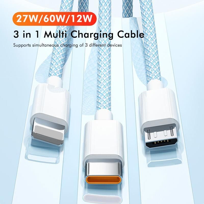 1. 3-in-1 Universal Compatibility: Equipped with all essential charging connectors, featuring 8 Pin, USB-C, micro connectors, this cable charges IP & android smartphones, tablets, and all other USB-powered devices. One cable for all your devices!
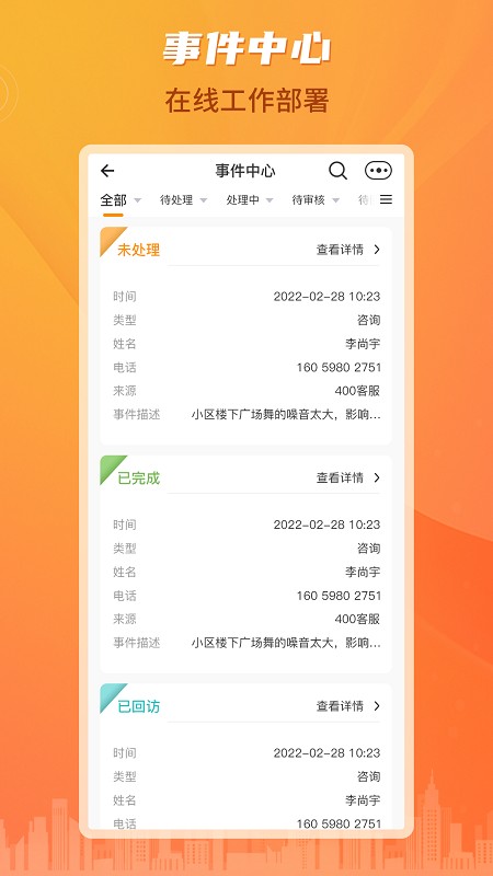 【事件中心】业主端App和400电话拨打的方式进行事件录入,事件类型分为咨询、建议、投诉、报修四类,事件中心状态分为待处理、处理中、已完成、待回访,查询情况需要进行转工单处理、电话回访、信息回复业主,支持事件分类统计
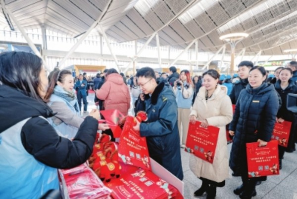 “太惊喜了!完全没想到在车站候车室能现场观看书法家写福字、写春联,还能免费领一份带回家,这红纸上的‘福’字又大气又喜庆,揣着这份满满的暖意和福气上车,归途都变得更温暖了!”旅客张女士举着刚领到的福字,开心地说道。
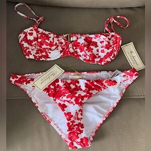 NWT $220 STUNNING Shoshanna Beach Vines Poppy/ White Bikini Set Top And Bottom
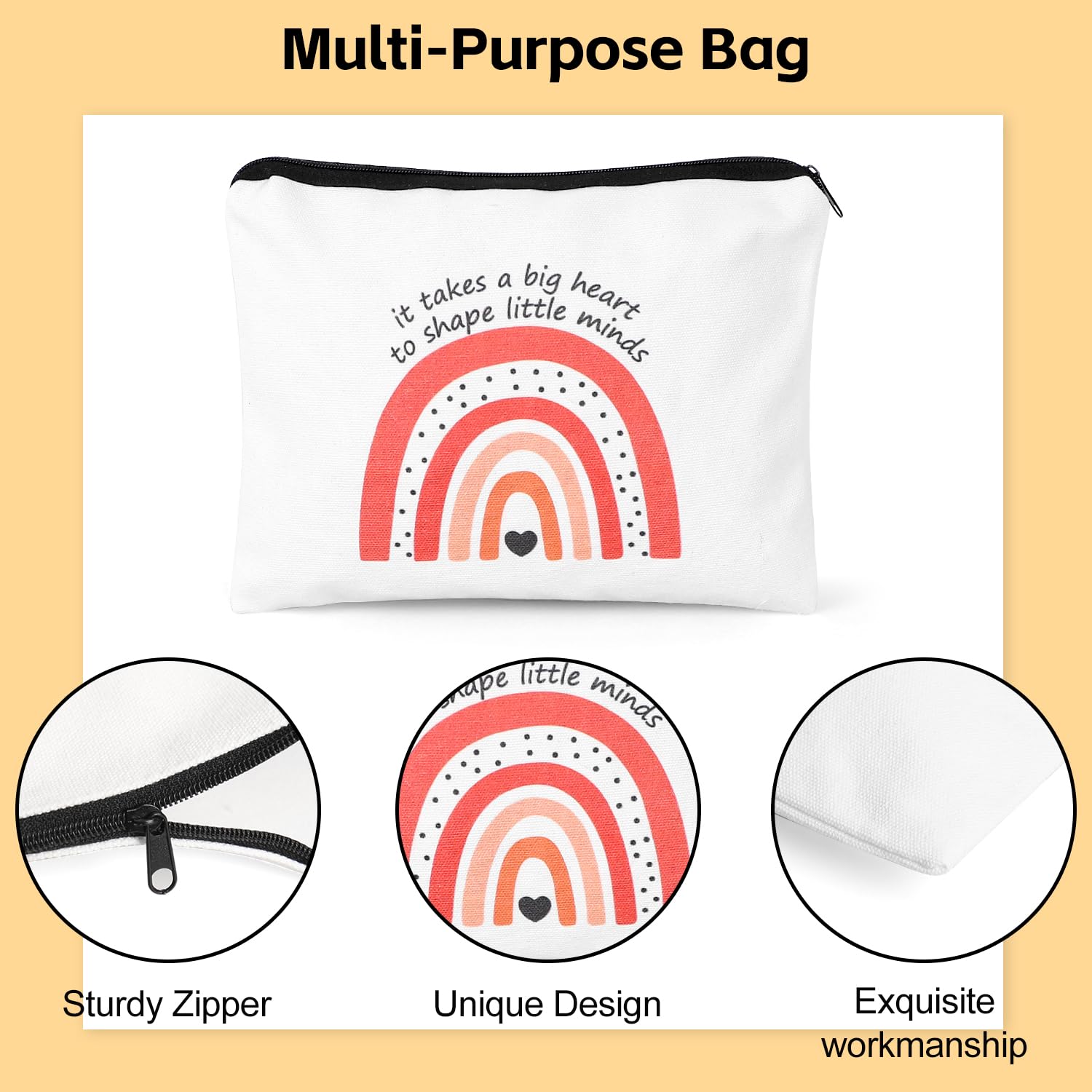 - Teacher Themed Cosmetic Bag:This cosmetic bag measuring about 9inch*7inch is made of high quality cotton and canvas, and the zipper design ensures that the items inside will not fall out. This bag can be used as a makeup bag,pencil case,easy to hold pencils, toiletries, cosmetics and any other small items you want to put in your daily life

⁂

### [ACTIVITY]
Repeat only the lines from the one with "NWT $220 STUNNING" through the end of the data, both included and exactly as written. Pictures stay out of the copy.

### [WRITTEN SOLUTION]
 NWT $220 STUNNING Shoshanna Beach Vines Poppy/ White Bikini Set Top And Bottom
 - Teacher Themed Cosmetic Bag:This cosmetic bag measuring about 9inch*7inch is made of high quality cotton and canvas, and the zipper design ensures that the items inside will not fall out. This bag can be used as a makeup bag,pencil case,easy to hold pencils, toiletries, cosmetics and any other small items you want to put in your daily life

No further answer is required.